Donc, la puissance du camp « socialiste » empêchera l'impérialisme de jeter le monde dans le chaos et au cas où les agresseurs impérialistes oseraient cependant déclencher une nouvelle guerre mondiale, les peuples ne toléreront plus le régime qui les précipitent dans des guerres dévastatrices. Ils écraseront et enterreront l'impérialisme. » Si l'existence de l'URSS oblige les impérialistes à se comporter différemment, on ne voit pas très bien comment ils ont « osé » en 1939 plonger le monde dans le chaos et provoqué 50 millions de morts. A ce moment-là aussi, l'URSS affirmait que le « socialisme » était construit en URSS. Il est vrai que le programme nous apprend l'existence actuellement d'un « système socialiste mondial » qui serait l'URSS et les démocraties populaires, baptisé mondial de par le pouvoir du PCUS. Mais si l'impérialisme dont l'existence même n'est que rapines et crimes se voit menacé dans ses bases par le renforcement du camp socialiste, la conclusion au contraire que l'on peut tirer, c'est qu'il essayera à ce moment-là de réduire les peuples qui cherchent à se libérer de son joug par les armes et à détruire le camp adverse tant qu'il en a la force. Car si le camp socialiste est si puissant que le PCUS estime que l'impérialisme n'osera pas attaquer et s'il pense cependant qu'il y ait une éventualité pour qu'il « ose » attaquer, pourquoi ne pas se donner pour première tâche, internationale celle-là, de supprimer l'impérialisme de notre planète.

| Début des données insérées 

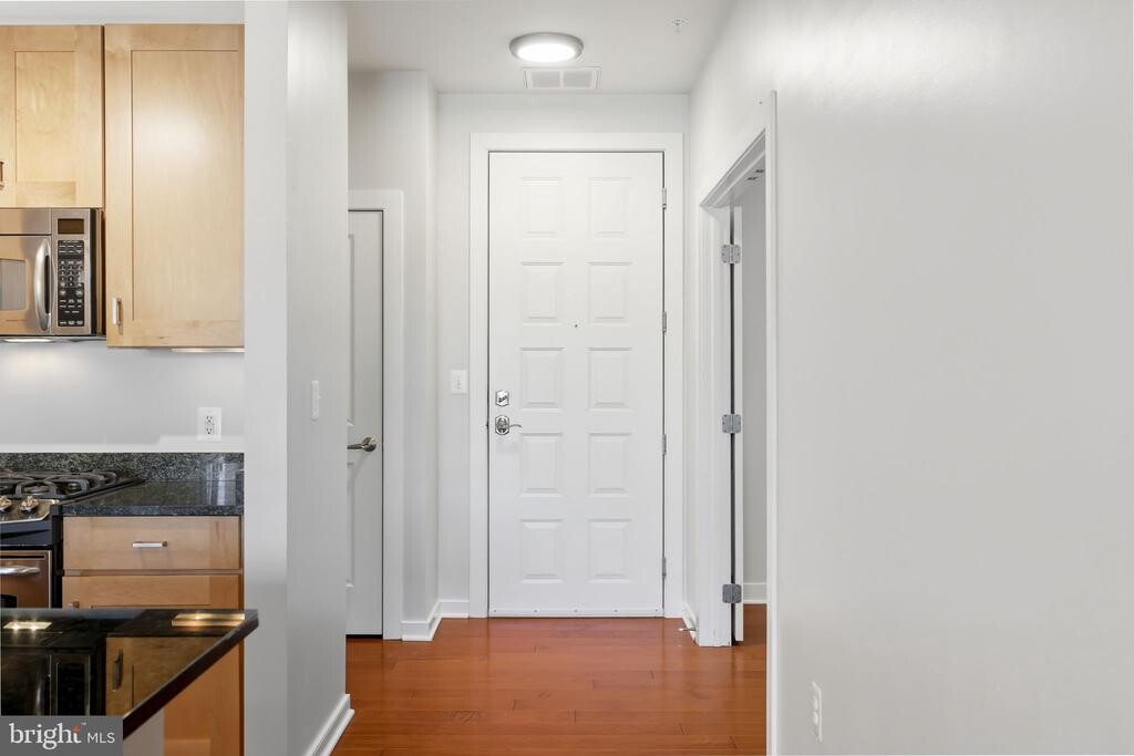 One bedroom + den. Tons of sunlight with 11 foot floor-to-ceiling windows on the top floor. Quiet and secure condo that is walkable to local restaurants, boutique shops, and parks. Stainless appliances, granite counters, lots of cabinet space with spacious island. Hardwood floors throughout. Washer/dryer. Six minute walk to East Falls Church metro – perfect for commuters on Orange and Silver metro lines to DC/Tysons. Easy access to I-66. Modern fitness center, security desk, party room with full kitchen and pool table. Secure garage parking. One year minimum. Security deposit. Move in/move out fee $150.00 plus $50 lease registration fee. Water, sewer, trash removal included. Tenant pays electric, gas, cable/internet. No smoking. Small dogs possible with pet deposit. About the WestLee: Award-winning, energy efficient Westlee Condominium is a boutique style urban building. Controlled access entrance lobby with staffed front desk, and excellent on-site management. Fitness center and social room/library with billiard table, piano, fireplace, bar and catering kitchen. Bedroom: Hardwood floors, ceiling fan, walk-in closet with lots of shelving, floor to ceiling window/sliding door with blinds, and Juliette balcony. Bathroom: Soaking tub/shower, limestone floors, granite counter. Undersink cabinet and medicine cabinets provide storage space. Den: 10 feet x 10 feet with double doors and is the perfect space for an office, nursery, or guest space. Kitchen: Gourmet chef's kitchen with gas stove and range, features Energy Star stainless steel appliances, under cabinet lighting, granite countertops, maple cabinets, and a large island with breakfast bar. Living: Beautiful and quiet Minka ceiling fan, nest smart thermostat. Storage unit: Approximately 5x5x9 floor to ceiling caged storage unit in the garage (available at additional cost). Other: Rinnai tankless water heater ensures that you will never ever run out of hot water while minimizing energy bills. Parking: One convenient and secure/gated reserved garage parking space. Location: One block off I-66 exit 69 on Lee Highway. 6 minute walk to EFC Metro and 1/2 mile to the heart of Falls Church (Saturday morning/Falls Church Farmers Market, restaurants, library, parks, and the State Theatre). It is a 5 minute drive to Eden Center, Seven Corners or Tyson's Corner and 10 minute drive to D.C. Immediate neighborhood is a mix of single family homes, townhomes and condos with service, and commercial businesses. Across the street from the W&OD Trail, restaurants, and locally owned retail. Minutes’ walk from parks, soccer fields, and basketball courts.

En fait, la bureaucratie soviétique espère que l'URSS pourra avec une politique de coexistence, c'est-à-dire d'abandon de la révolution mondiale, rester à l'écart des contradictions impérialistes. C'est une erreur qu'elle a déjà faite en 1939. Staline a bien cru en s'alliant à Hitler, rester en dehors du conflit impérialiste. Et c'est une « erreur » qu'elle ne peut que renouveler, car de toutes façons la révolution mondiale serait sa mort, mort nécessaire à la construction de la moindre parcelle de communisme dans la moindre partie du monde.

Extrait de « france-nouvelle » - n° 826 « ressources financières du parti »

Les ressources financières du Parti et de ses organisations proviennent des cotisations, des revenus des établissements du Parti, ainsi que d'autres versements.

Les cotisations mensuelles pour les membres du Parti et les stagiaires sont établies comme suit.

Ceux dont le gain mensuel

- est inférieur à 50 roubles versent 10 kopecks,

- de 51 à 100 roubles 0,5 pour cent,

- de 101 à 150 roubles 1 pour cent,

- de 151 à 200 roubles 1,5 pour cent,

- de 201 à 300 roubles 2 pour cent,

- au-delà de 300 roubles 3 pour cent, du salaire mensuel.

Ce qui veut dire qu'au pays du socialisme si le travailleur le plus mal payé gagne l'équivalent de 50 000 francs par mois (s'il gagne moins que cet équivalent, pauvre travailleur, pauvre socialisme) il pourra se trouver organisé au sein du même parti avec des « camarades » en gagnant 300 000 francs.